Danny Senda

Personal information
- Full name: Daniel Luke Senda
- Date of birth: 17 April 1981 (age 44)
- Place of birth: Harrow, England
- Height: 5 ft 11 in (1.80 m)
- Position(s): Defender

Youth career
- 1997–1999: Southampton

Senior career*
- Years: Team / Apps / (Gls)
- 1999–2006: Wycombe Wanderers / 316 / (9)
- 2006–2009: Millwall / 86 / (1)
- 2010–2011: Torquay United / 2 / (0)
- 2011: Bristol Rovers / 16 / (0)
- 2011–2012: Barnet / 19 / (0)
- Total:  / 439 / (10)

= Danny Senda =

English footballer (born 1981)

Daniel Luke Senda (born 17 April 1981 in Harrow, Greater London) is an English retired professional football defender and former assistant head coach at Leyton Orient.

==Playing career==
Senda started his career as an apprentice with Southampton. He joined Wycombe Wanderers as a striker during the 1998–99 season, and made his Wycombe debut as a substitute during the home game with Oldham Athletic in March 1999, although he had to wait until January 2000 for his full debut. He scored his first goal at first team level during the 3–1 victory at Wrexham the following month. He was subsequently converted to a right wing back role by Lawrie Sanchez and became a first team regular.

The arrival of Tony Adams as Wycombe boss in November 2003 saw the player eventually preferred in a right midfield position and impressed enough to be awarded a new two-year contract in April 2004.

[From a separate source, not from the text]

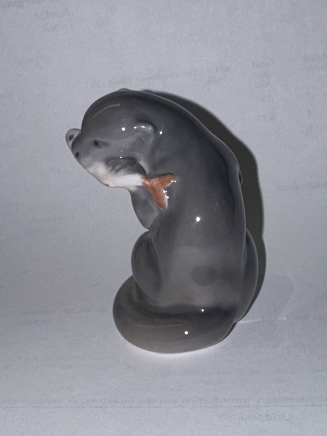 Beskrivelse: Figur i porcelæn af odder med fiskefangst i munden fra Royal Copenhagen. 2. Sortering. I god stand uden skader eller reparationer. Fabriksmærket samt Modelnummer 2333 på bunden. H. 5 cm

With the arrival of John Gorman in November 2004, Senda was employed as a right full back and enjoyed much success working on the right flank with Winger, Kevin Betsy. Senda was then out of contract with Wycombe Wanderers and had been due to sign for Luton Town but that deal failed to materialise. Senda publicly criticised his agent claiming his agent wanted 'too much' from the deal. Senda subsequently sacked his agent.

He also had trials with Leeds United and Wolverhampton Wanderers before finally completing a deadline-day deal with Millwall on 31 August 2006.

Senda was injured in the final game of the season on 3 May 2008 against Swindon at The County Ground, a game in which he also scored his only goal for the club. In a brief interview with the South London Press, Senda thanked the Swindon fans for applauding him off the pitch and Lions supporters and players for their support since the injury stating: "It was quite humbling." He spent 16 months on the sidelines before his contract expired at the end of the 2008–09 season. He was then offered a one-month contract on 27 July 2009 to prove his fitness.

He signed for Torquay United on 16 September 2010 after playing reserve team games against Exeter City and Forest Green Rovers.

Senda signed for Bristol Rovers as a free agent on 18 February 2011 after leaving Torquay on 16 December 2010. He was one of seventeen players released by the team in May 2011.

===Barnet===
Senda signed a one-year deal for Barnet on 26 July 2011. On his debut, away to Morecambe, he was part of a defence that kept a clean sheet in a 1–0 win.

On 10 January 2012, against Swindon Town in the Football League Trophy Area Final First Leg, Senda sustained a dislocated kneecap after falling awkwardly and it was announced that he would be out of the rest of the season.

Senda's contract expired at the end of the 2011–12 season, but he continued to train with Barnet into the 2012–13 season as part of his recovery from the serious injury sustained in January. He played one game for Barnet's reserve team early in the season, but announced his retirement on Twitter in February 2013 due to injury.

== Coaching career ==
Senda joined Brentford as an academy coach in September 2013. He became head coach of Barnet's under-18 team in summer 2017. Senda was promoted to first team coach in February 2019. He left the Bees in July 2020. He was hired as assistant head coach for Leyton Orient on 14 July 2020 and left on 11 June 2021.

On 17 May 2023 Senda joined Charlton Athletic as joint first-team assistant manager.

On 8 January 2024, The Football Association suspended Senda from all football and football-related activity for four years after he admitted to charges of misconduct raised by two complainants. Senda was found to have engaged in behaviour that was "improper and/or indecent and/or insulting contrary to FA Rule E3.1." while on a course in June 2023.